**About this task:**
Nothing but a number is wanted here: the tally of lines in the material below that include "große".

**Given records:**
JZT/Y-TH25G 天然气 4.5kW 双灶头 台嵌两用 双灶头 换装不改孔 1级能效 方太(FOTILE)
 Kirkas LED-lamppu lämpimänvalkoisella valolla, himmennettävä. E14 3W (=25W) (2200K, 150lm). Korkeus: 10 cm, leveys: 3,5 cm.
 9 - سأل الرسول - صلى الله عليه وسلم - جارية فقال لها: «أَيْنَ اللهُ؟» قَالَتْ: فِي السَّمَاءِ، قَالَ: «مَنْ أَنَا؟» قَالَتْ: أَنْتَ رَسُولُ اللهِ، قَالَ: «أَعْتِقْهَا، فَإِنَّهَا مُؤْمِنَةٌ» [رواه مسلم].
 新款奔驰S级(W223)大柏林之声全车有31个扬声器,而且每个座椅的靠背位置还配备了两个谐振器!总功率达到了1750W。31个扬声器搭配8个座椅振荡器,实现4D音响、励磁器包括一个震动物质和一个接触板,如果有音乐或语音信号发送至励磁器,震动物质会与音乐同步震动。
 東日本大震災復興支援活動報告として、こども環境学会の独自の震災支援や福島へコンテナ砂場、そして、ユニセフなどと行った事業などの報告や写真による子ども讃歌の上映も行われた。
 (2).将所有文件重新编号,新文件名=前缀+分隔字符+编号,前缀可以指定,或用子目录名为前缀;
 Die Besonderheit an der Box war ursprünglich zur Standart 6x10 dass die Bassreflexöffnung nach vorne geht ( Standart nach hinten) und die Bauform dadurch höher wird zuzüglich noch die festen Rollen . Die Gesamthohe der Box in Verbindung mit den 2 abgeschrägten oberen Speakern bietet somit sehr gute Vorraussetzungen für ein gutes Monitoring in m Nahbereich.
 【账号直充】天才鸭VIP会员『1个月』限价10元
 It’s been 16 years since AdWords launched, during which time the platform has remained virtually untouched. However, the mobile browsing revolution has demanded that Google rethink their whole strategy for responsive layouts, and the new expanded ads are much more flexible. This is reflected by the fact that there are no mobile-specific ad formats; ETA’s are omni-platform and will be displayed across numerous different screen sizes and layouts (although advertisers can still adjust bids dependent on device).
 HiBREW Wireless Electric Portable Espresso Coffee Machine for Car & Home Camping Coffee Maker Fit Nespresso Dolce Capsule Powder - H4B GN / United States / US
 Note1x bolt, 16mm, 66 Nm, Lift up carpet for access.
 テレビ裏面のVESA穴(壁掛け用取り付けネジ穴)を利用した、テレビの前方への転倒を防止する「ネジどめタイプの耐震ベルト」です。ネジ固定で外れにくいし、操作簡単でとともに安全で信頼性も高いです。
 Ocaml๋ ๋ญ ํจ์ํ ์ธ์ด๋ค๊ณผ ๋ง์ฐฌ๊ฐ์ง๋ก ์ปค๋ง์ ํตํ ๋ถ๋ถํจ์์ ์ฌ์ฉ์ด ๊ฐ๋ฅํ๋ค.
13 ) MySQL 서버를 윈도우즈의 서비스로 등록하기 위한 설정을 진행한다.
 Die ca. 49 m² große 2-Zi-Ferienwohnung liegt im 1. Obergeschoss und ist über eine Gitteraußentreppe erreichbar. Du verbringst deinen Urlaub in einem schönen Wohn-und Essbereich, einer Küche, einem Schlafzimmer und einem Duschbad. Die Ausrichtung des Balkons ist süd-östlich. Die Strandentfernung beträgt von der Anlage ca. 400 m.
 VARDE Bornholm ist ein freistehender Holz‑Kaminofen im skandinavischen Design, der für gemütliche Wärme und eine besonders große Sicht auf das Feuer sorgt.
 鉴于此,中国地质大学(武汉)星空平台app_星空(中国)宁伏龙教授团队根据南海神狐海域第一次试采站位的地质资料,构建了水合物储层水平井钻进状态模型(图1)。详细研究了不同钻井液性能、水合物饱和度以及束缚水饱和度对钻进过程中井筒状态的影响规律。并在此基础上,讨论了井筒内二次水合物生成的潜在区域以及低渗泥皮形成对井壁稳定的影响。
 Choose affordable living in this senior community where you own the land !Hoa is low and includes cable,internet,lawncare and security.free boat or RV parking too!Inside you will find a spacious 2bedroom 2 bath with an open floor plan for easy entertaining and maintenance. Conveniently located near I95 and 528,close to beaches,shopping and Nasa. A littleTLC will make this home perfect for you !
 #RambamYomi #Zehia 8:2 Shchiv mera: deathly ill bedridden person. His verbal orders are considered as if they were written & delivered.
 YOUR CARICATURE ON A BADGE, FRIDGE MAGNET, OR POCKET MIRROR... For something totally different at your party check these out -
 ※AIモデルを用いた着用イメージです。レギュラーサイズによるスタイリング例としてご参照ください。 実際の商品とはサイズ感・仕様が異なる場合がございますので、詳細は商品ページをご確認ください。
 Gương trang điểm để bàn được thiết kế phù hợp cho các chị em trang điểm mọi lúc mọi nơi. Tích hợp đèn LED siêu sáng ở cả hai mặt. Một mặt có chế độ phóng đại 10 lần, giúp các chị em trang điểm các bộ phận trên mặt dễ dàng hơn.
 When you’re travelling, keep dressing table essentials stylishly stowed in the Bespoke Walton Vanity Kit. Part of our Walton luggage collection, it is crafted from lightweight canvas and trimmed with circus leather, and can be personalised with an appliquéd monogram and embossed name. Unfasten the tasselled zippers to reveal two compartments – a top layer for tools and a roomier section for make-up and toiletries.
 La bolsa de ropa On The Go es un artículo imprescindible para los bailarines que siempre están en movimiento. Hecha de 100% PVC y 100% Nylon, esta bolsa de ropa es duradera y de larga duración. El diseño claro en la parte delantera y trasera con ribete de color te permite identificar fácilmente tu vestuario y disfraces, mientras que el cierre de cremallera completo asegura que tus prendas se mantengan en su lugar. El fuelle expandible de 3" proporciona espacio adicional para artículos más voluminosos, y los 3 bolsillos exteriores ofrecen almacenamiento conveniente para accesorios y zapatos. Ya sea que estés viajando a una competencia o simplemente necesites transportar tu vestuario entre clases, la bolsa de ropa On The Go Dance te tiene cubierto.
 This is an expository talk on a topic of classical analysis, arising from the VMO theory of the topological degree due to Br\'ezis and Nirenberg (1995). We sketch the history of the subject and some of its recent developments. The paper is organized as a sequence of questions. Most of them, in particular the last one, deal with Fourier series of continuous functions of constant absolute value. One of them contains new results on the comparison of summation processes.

**Reply to the exercise:**
2